KMN juga berharap pelaksanaan Muktamar ke-35 NU berlangsung damai dan bermartabat. Mereka menginginkan forum tertinggi organisasi tersebut dapat menghasilkan keputusan yang membawa manfaat bagi warga NU dan masyarakat Indonesia secara luas.
Selain itu, KMN meminta panitia pelaksana muktamar menjaga prinsip keadilan dan keterbukaan dalam seluruh tahapan pelaksanaan. Mereka berharap tidak ada perlakuan berbeda terhadap peserta maupun kelompok tertentu yang terlibat dalam proses muktamar.
Dalam pernyataannya, KMN juga menyoroti pentingnya menjaga marwah para ulama yang tergabung dalam Ahlul Halli Wal Aqdi (AHWA). Menurut mereka, para masyayikh harus tetap mendapatkan ruang dan penghormatan sebagaimana tradisi yang selama ini hidup di tubuh Nahdlatul Ulama.
Di sisi lain, kelompok pemuda Nahdliyin tersebut juga memberikan perhatian terhadap pengembangan tata kelola organisasi berbasis digital. Sebagai komunitas yang banyak diisi generasi Z dan Alpha, mereka menilai transformasi digital menjadi kebutuhan yang tidak bisa dihindari.
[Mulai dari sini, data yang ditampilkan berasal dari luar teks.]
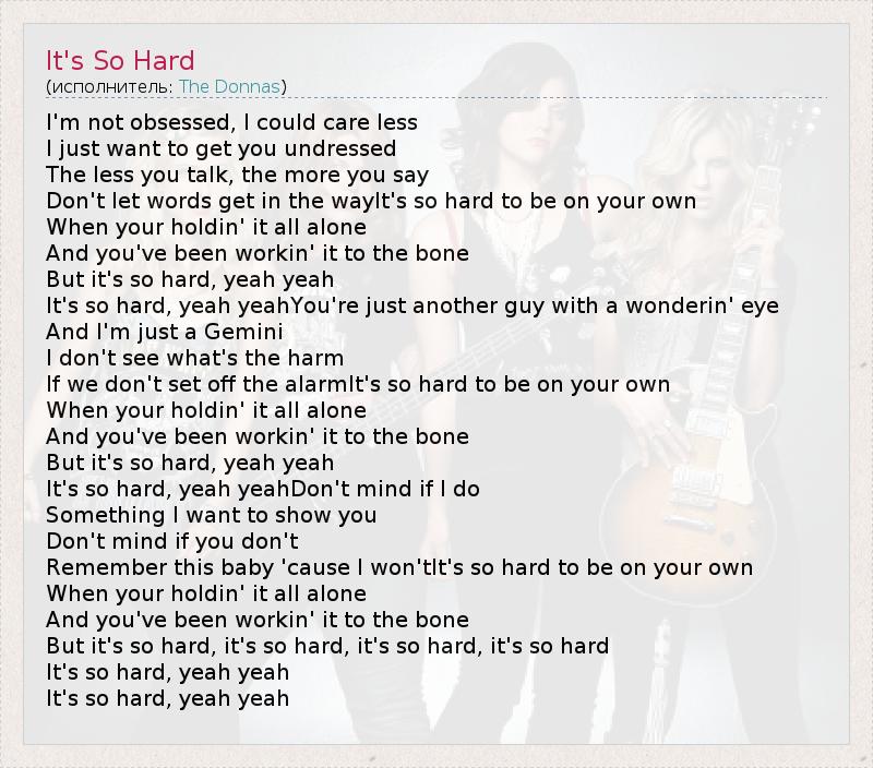 А как ты думаешь, о чем песня "It's So Hard" ?

KMN mengapresiasi penerapan sistem Digdaya yang mulai digunakan sebagai bagian dari digitalisasi organisasi. Namun mereka mengingatkan agar pemanfaatan teknologi tetap digunakan sesuai fungsi organisasi dan tidak dimanfaatkan untuk kepentingan pribadi maupun kelompok tertentu.
Menjelang pelaksanaan Muktamar ke-35 NU, berbagai aspirasi dari warga Nahdliyin diperkirakan akan terus berkembang. Nama-nama yang dianggap memiliki kapasitas memimpin PBNU pun mulai diperbincangkan di berbagai forum. Di antara nama yang mengemuka, Gus Yusuf menjadi salah satu figur yang kini mendapat dukungan dari kalangan muda Nahdliyin melalui forum nasional yang digelar di Kediri tersebut.